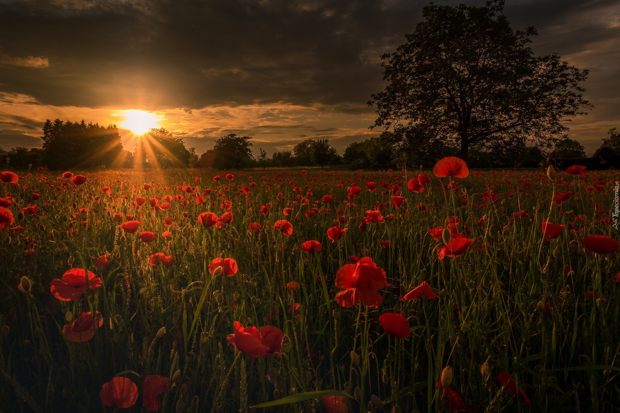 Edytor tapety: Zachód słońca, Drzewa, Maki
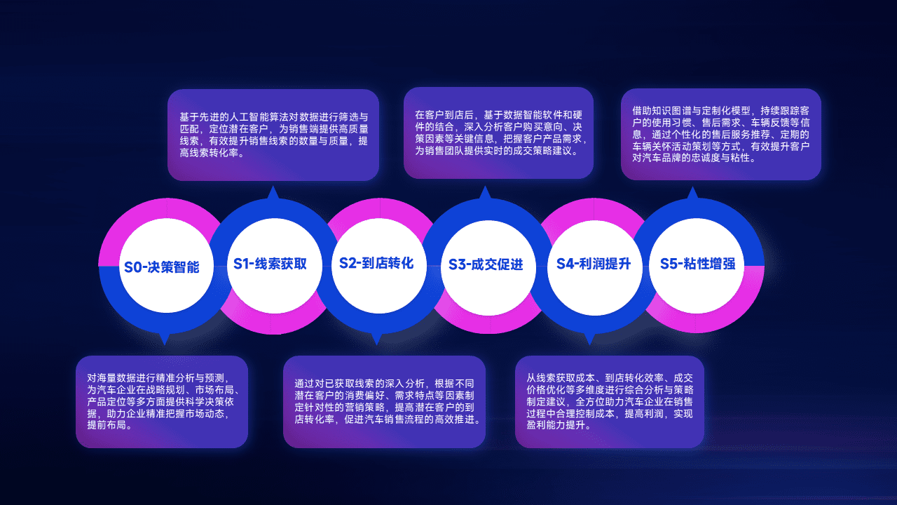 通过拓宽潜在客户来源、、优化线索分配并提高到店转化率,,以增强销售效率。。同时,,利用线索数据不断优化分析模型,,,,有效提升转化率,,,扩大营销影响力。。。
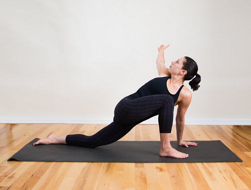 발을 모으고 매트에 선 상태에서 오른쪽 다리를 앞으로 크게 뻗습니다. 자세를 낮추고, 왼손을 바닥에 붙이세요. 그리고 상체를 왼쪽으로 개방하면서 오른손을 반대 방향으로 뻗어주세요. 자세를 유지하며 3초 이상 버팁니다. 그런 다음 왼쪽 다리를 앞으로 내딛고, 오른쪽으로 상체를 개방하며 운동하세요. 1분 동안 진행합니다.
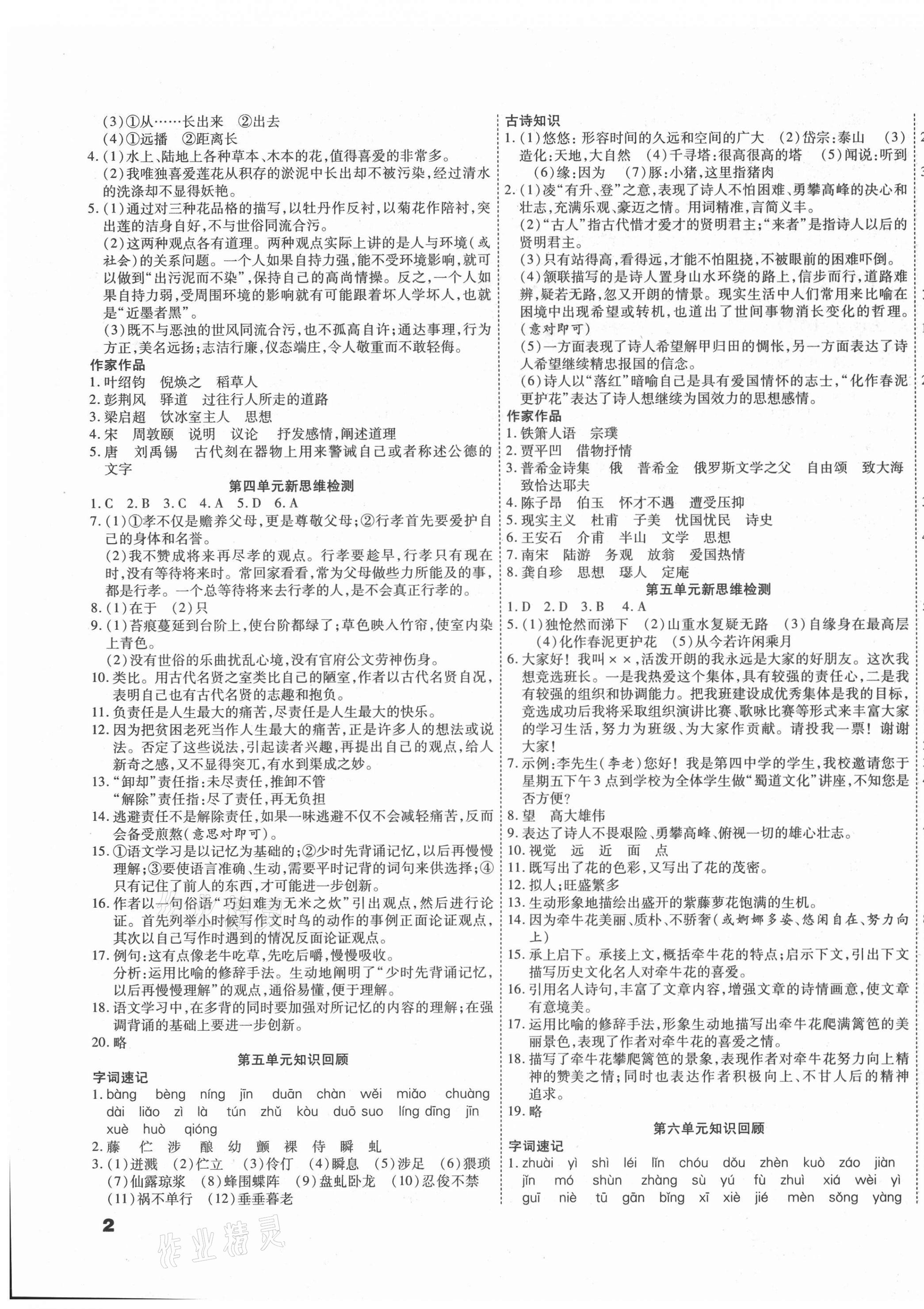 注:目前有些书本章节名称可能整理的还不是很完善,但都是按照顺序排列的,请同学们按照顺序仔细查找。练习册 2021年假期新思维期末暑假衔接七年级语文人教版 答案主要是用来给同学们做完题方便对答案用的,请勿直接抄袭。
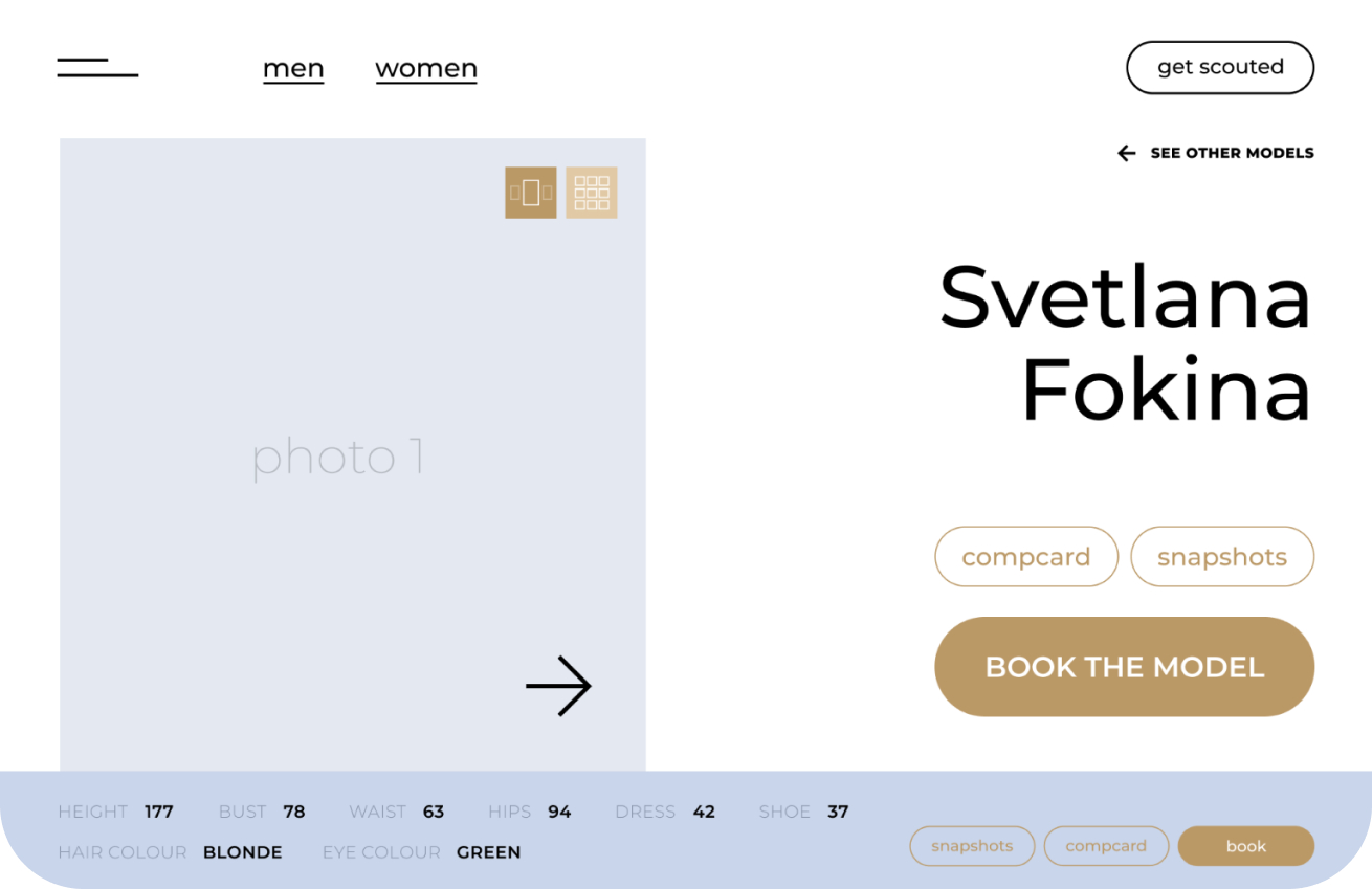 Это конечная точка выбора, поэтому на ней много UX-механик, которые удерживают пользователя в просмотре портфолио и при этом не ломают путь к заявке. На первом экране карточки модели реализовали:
==
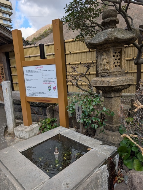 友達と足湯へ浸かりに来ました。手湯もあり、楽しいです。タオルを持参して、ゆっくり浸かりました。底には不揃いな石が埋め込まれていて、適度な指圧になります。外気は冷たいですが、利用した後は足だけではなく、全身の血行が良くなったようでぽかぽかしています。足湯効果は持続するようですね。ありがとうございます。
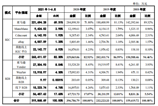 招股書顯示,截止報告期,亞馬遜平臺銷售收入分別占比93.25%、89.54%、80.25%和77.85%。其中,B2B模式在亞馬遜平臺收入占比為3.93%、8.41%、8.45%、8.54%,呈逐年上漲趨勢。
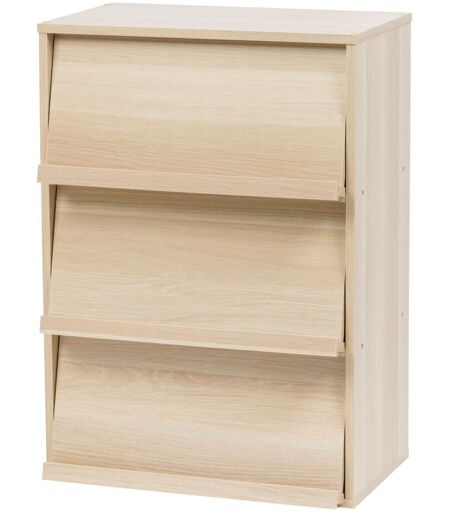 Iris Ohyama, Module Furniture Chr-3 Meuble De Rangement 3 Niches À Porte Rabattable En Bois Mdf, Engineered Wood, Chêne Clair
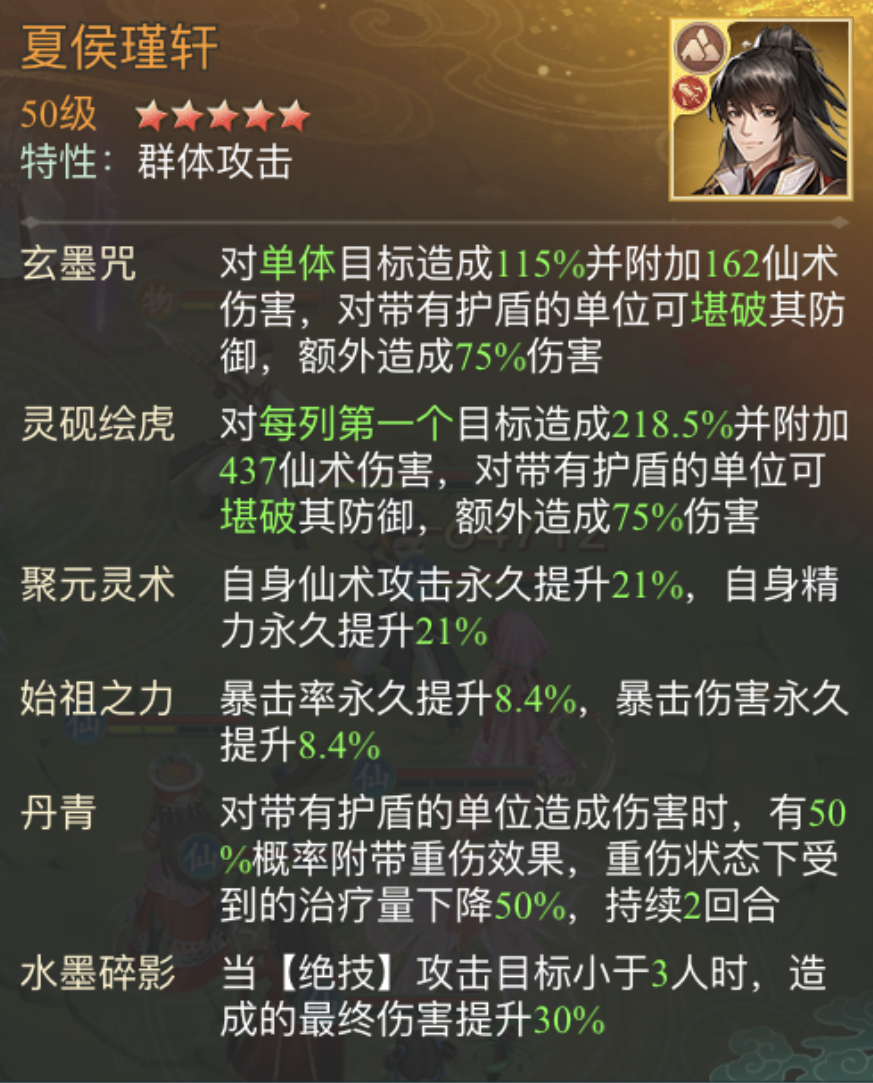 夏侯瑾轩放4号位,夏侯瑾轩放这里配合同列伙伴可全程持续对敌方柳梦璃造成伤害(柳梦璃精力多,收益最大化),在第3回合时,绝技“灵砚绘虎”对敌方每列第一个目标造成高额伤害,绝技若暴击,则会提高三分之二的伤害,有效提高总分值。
---
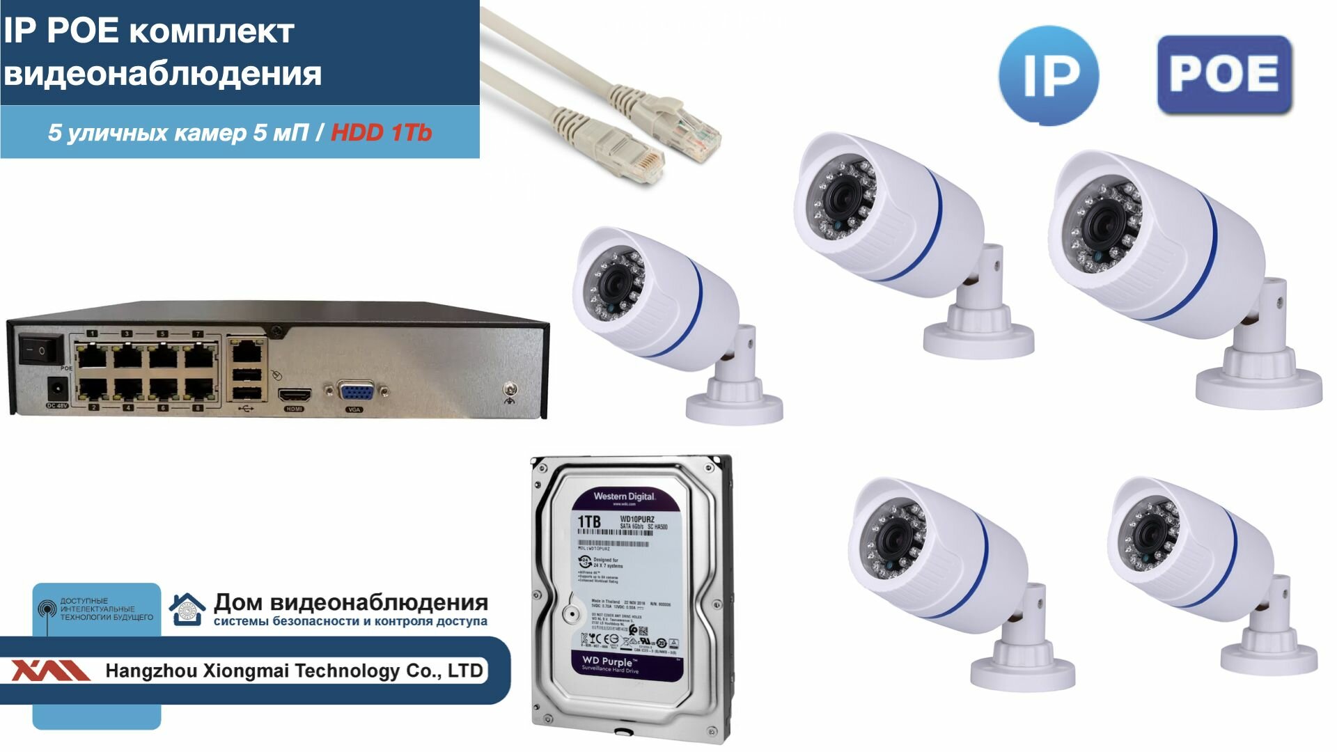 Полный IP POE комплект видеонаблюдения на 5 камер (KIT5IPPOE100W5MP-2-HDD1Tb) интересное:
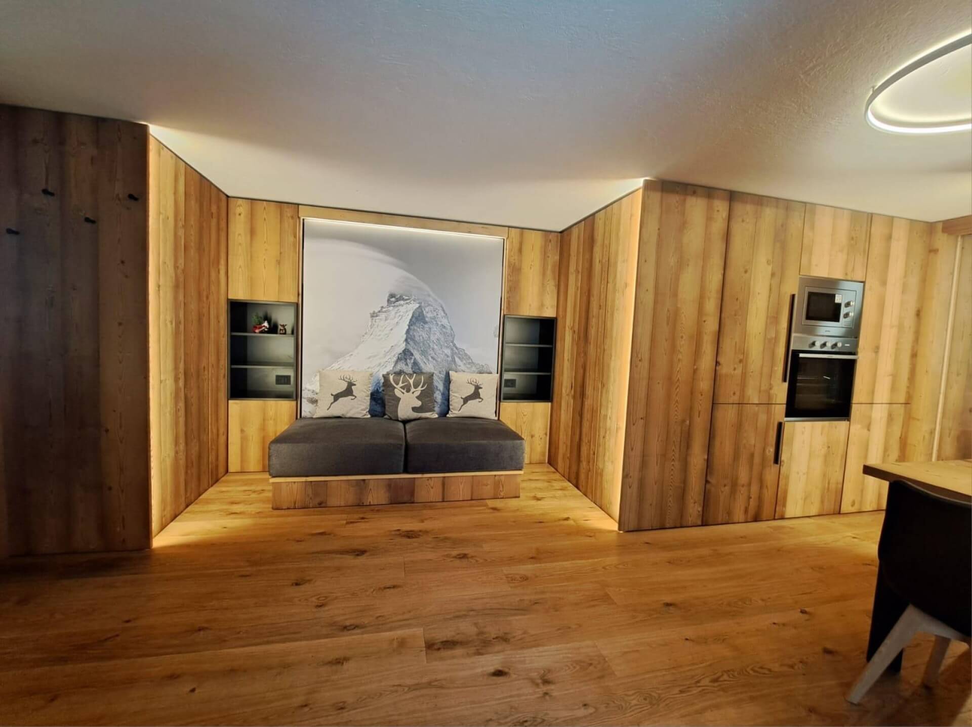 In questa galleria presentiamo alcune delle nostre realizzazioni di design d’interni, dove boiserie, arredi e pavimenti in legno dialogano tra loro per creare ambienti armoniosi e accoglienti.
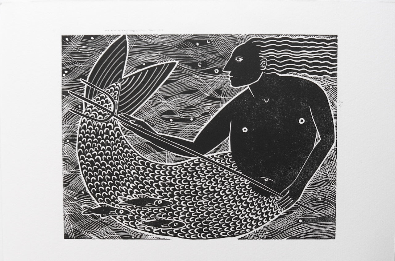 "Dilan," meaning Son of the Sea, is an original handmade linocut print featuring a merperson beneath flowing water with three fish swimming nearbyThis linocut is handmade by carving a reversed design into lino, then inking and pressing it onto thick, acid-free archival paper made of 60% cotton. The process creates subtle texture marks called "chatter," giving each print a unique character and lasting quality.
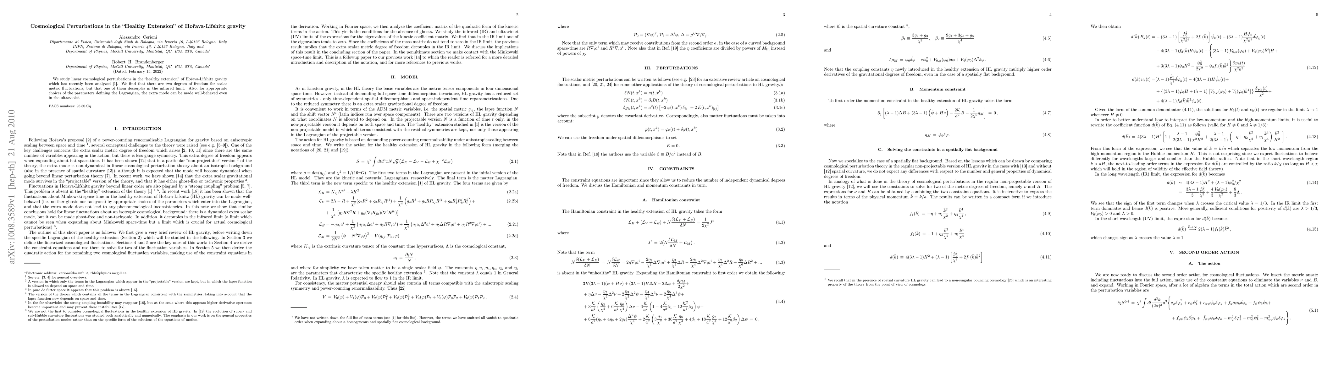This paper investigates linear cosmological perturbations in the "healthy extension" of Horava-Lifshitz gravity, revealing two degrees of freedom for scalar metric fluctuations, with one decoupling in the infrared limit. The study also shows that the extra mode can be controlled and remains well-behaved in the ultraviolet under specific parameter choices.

◆ **What you have to do**
When you reach the line containing "and lasting quality." in the entries above, begin restating word for word, and stop once the line containing "This paper investigates" has been given. Omit the pictures.

◆ **Response to the exercise**
 "Dilan," meaning Son of the Sea, is an original handmade linocut print featuring a merperson beneath flowing water with three fish swimming nearbyThis linocut is handmade by carving a reversed design into lino, then inking and pressing it onto thick, acid-free archival paper made of 60% cotton. The process creates subtle texture marks called "chatter," giving each print a unique character and lasting quality.
This paper investigates linear cosmological perturbations in the "healthy extension" of Horava-Lifshitz gravity, revealing two degrees of freedom for scalar metric fluctuations, with one decoupling in the infrared limit. The study also shows that the extra mode can be controlled and remains well-behaved in the ultraviolet under specific parameter choices.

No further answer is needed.